Work instruction:
Exactly retype the opening line of the entries and every line after it, ending with the line that contains "We constrain $C\!P$-violating". Skip all pictures.

☆ ☆ ☆

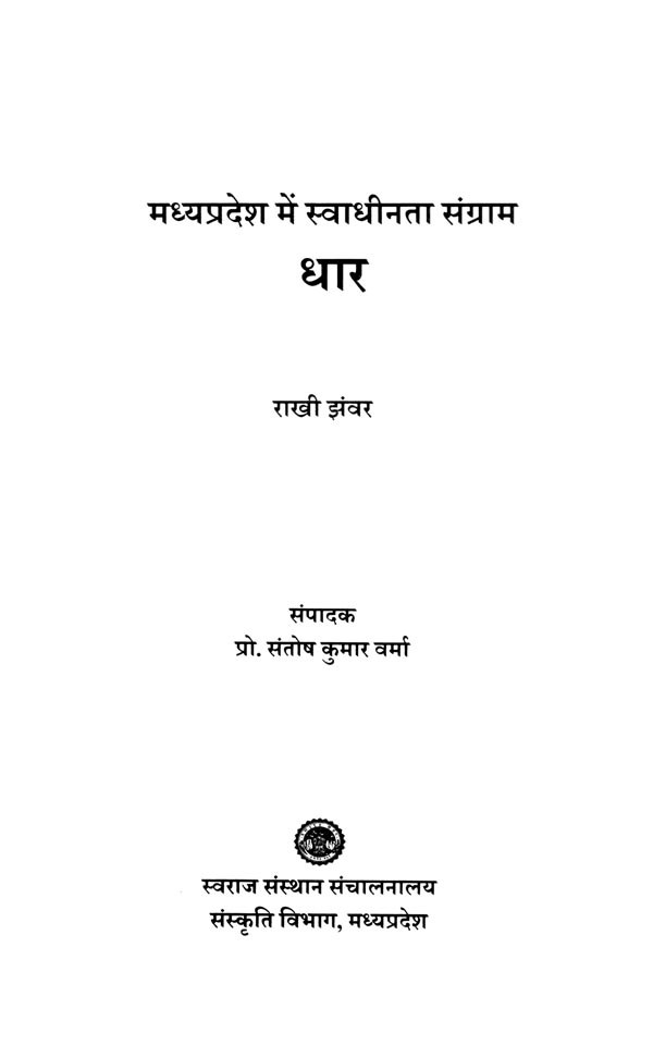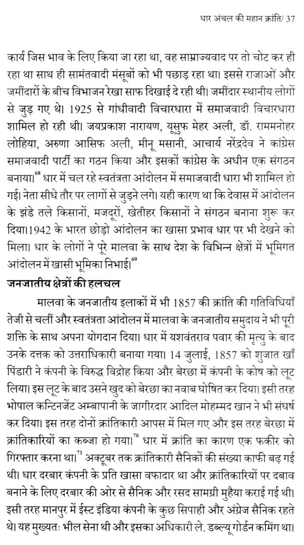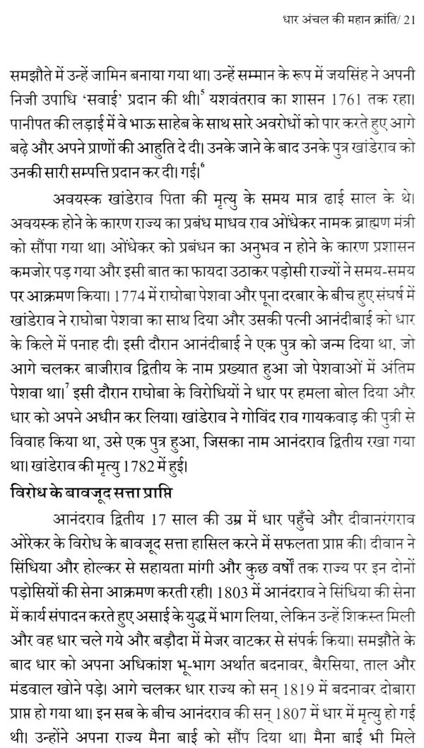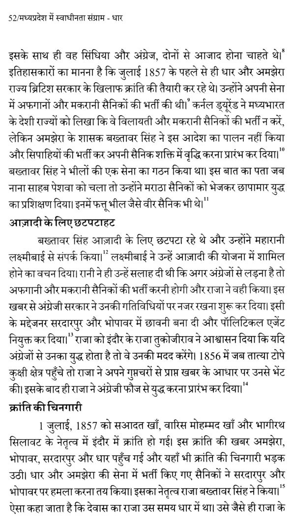 धार अंचल के स्वतंत्रता आंदोलन के इतिहास पर शोध कार्य एक महत्वपूर्ण चुनौती थी और स्वाभाविकतः किसी भी क्षेत्र के इतिहास के समान धार के इतिहास को किसी एक पुस्तक में समेटना अत्यंत दुष्कर कार्य था, फिर भी इस शोध कार्य के दौरान जो तथ्य मुझे प्राप्त हुए उनका मैंने गहराईपूर्वक अध्ययन किया।
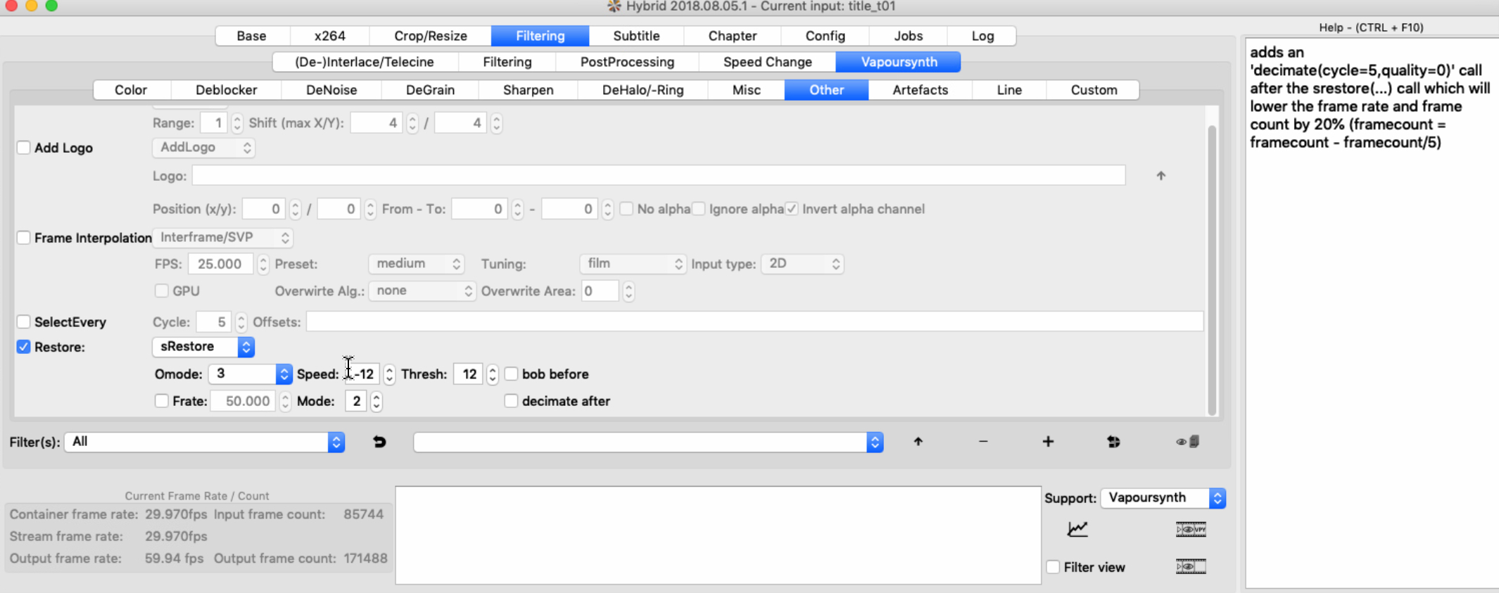 SRestore isn't the appropriate plugin for He-Man and the Masters of the Universe. I once did all episodes of She-Ra season 1. You can use RePal() as that is the method that the ... at BCI Eclipse used to convert from 25fps to 29.97. RePal will still produce artifacts. The best was is to do it manually. Here is a script for the episode "The Christmas Special" BCI version:
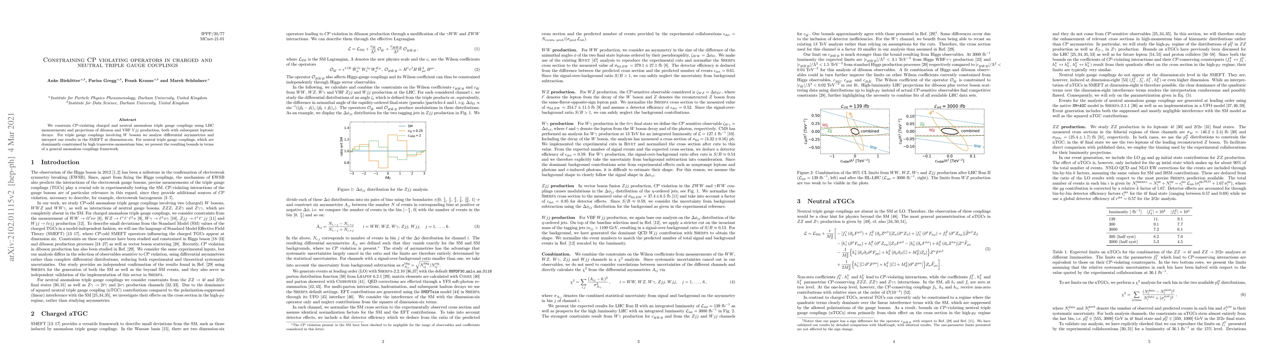 We constrain $C\!P$-violating charged and neutral anomalous triple gauge couplings using LHC measurements and projections of diboson and VBF $Vjj$ production, both with subsequent leptonic decays. For triple gauge couplings involving $W$ bosons we analyse asymmetries and interpret our results in the SMEFT at dimension-six. For neutral triple gauge couplings, which are dominantly constrained by high transverse-momentum bins, we present the resulting bounds in terms of a general anomalous couplings framework.
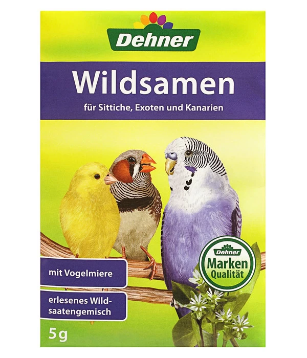 In der freien Natur ernähren sich Vögel neben ihrer normalen Nahrung auch gezielt von Wildsamen, um ihren Speiseplan zu bereichern. Das Dehner Ergänzungsfutter für Vögel gibt es mit verschiedenen Wildsamen. So können Sie Ihren Sittichen, Exoten und Kanarien die gleiche ausgewogene Ernährung bieten, die er in der Natur finden würde.
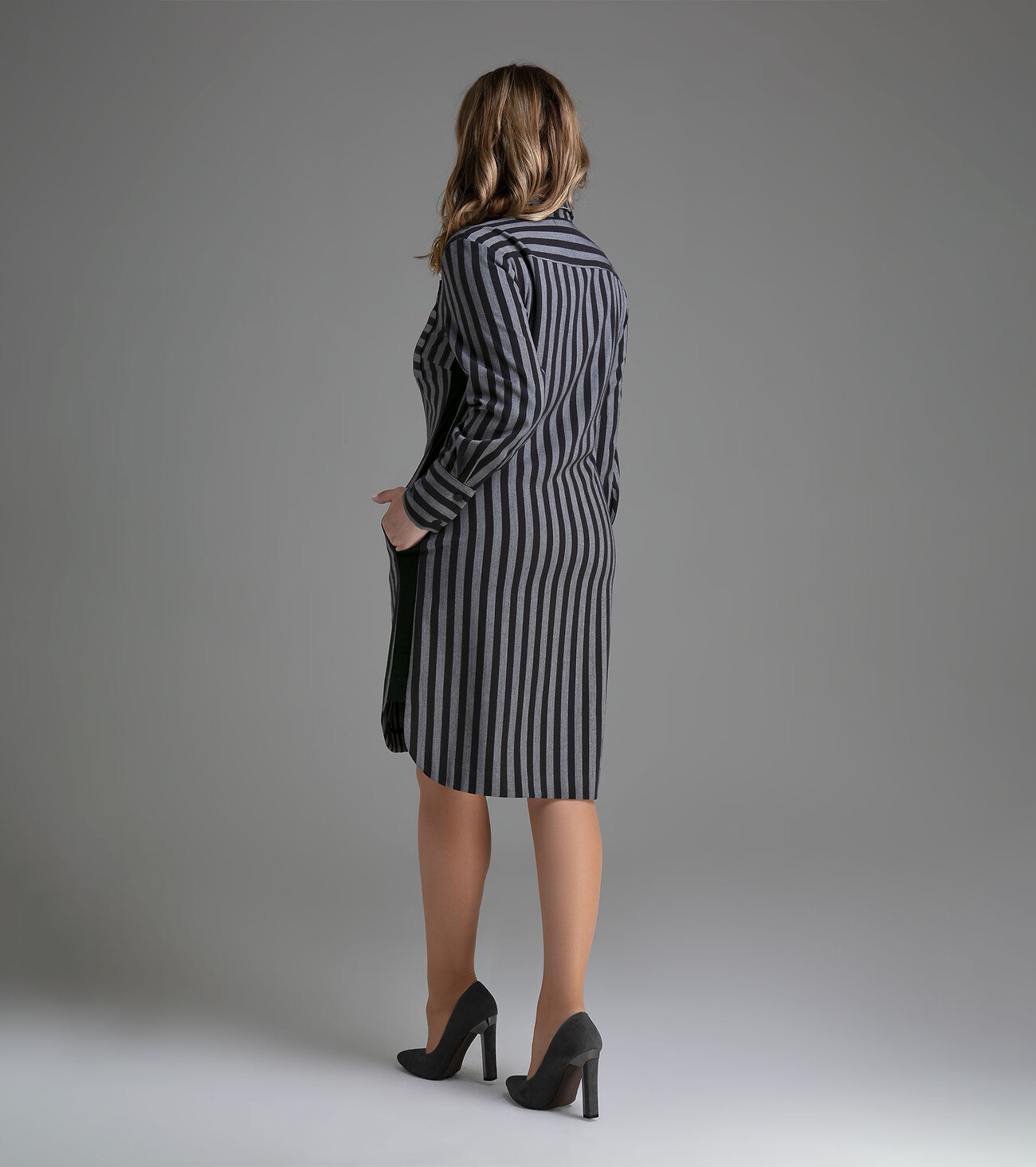 Осеннее стильное платье-рубашка-тренд этого года. Рукав рубашечный,чуть расширенный книзу и прихваченный на высокий манжет.Воротник рубашечный. Форма низа фигурная. Спинка длиннее переда.Трикотажные отрезные бочки дают свободу движениям и визуально стройнят фигуру.Застёжка по переду на кнопки.Два накладных кармана по переду.Правый карман декорирован пришивными стекло-стразами.Игра полоски привносит динамику в образ.Размер 46: Длина изделия - 100.5см, Длина рукава - 60.5см, Обхват шеи - 48см, Ширина плеча - 13.3см, Ширина по бедрам - 54см, Ширина по груди - 51см, Ширина рукава - 19см;
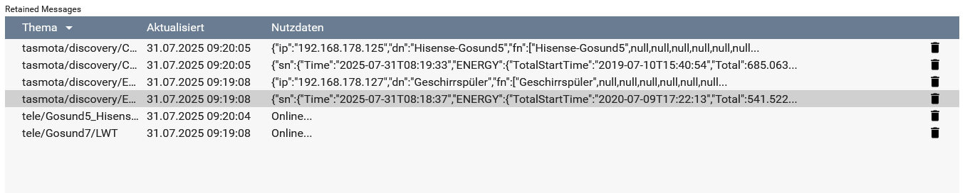 Aktuell habe ich wieder diesen Fehler, die glaube Retain Messages sind.
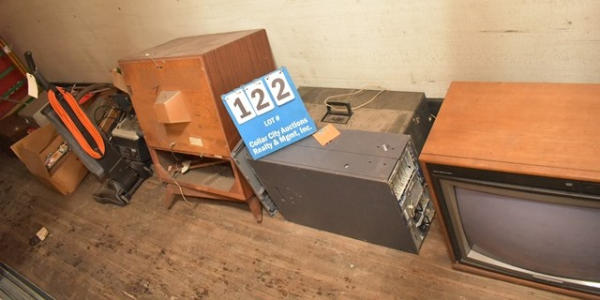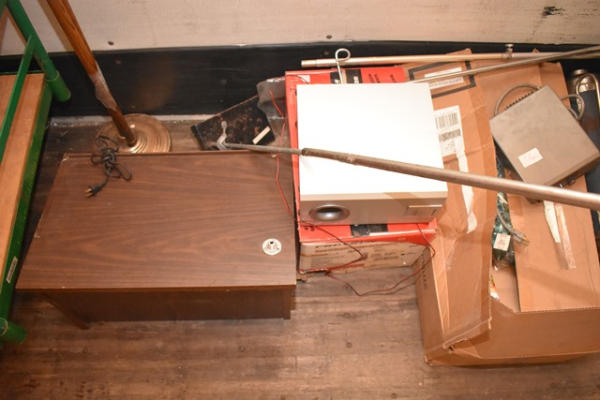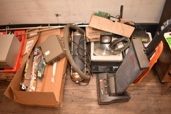 Large lot of vintage electronics including televisions, vintage vacuums, surround sound system, podium, projectors, etc.

☆ ☆ ☆

Task solution:
 धार अंचल के स्वतंत्रता आंदोलन के इतिहास पर शोध कार्य एक महत्वपूर्ण चुनौती थी और स्वाभाविकतः किसी भी क्षेत्र के इतिहास के समान धार के इतिहास को किसी एक पुस्तक में समेटना अत्यंत दुष्कर कार्य था, फिर भी इस शोध कार्य के दौरान जो तथ्य मुझे प्राप्त हुए उनका मैंने गहराईपूर्वक अध्ययन किया।
 SRestore isn't the appropriate plugin for He-Man and the Masters of the Universe. I once did all episodes of She-Ra season 1. You can use RePal() as that is the method that the ... at BCI Eclipse used to convert from 25fps to 29.97. RePal will still produce artifacts. The best was is to do it manually. Here is a script for the episode "The Christmas Special" BCI version:
 We constrain $C\!P$-violating charged and neutral anomalous triple gauge couplings using LHC measurements and projections of diboson and VBF $Vjj$ production, both with subsequent leptonic decays. For triple gauge couplings involving $W$ bosons we analyse asymmetries and interpret our results in the SMEFT at dimension-six. For neutral triple gauge couplings, which are dominantly constrained by high transverse-momentum bins, we present the resulting bounds in terms of a general anomalous couplings framework.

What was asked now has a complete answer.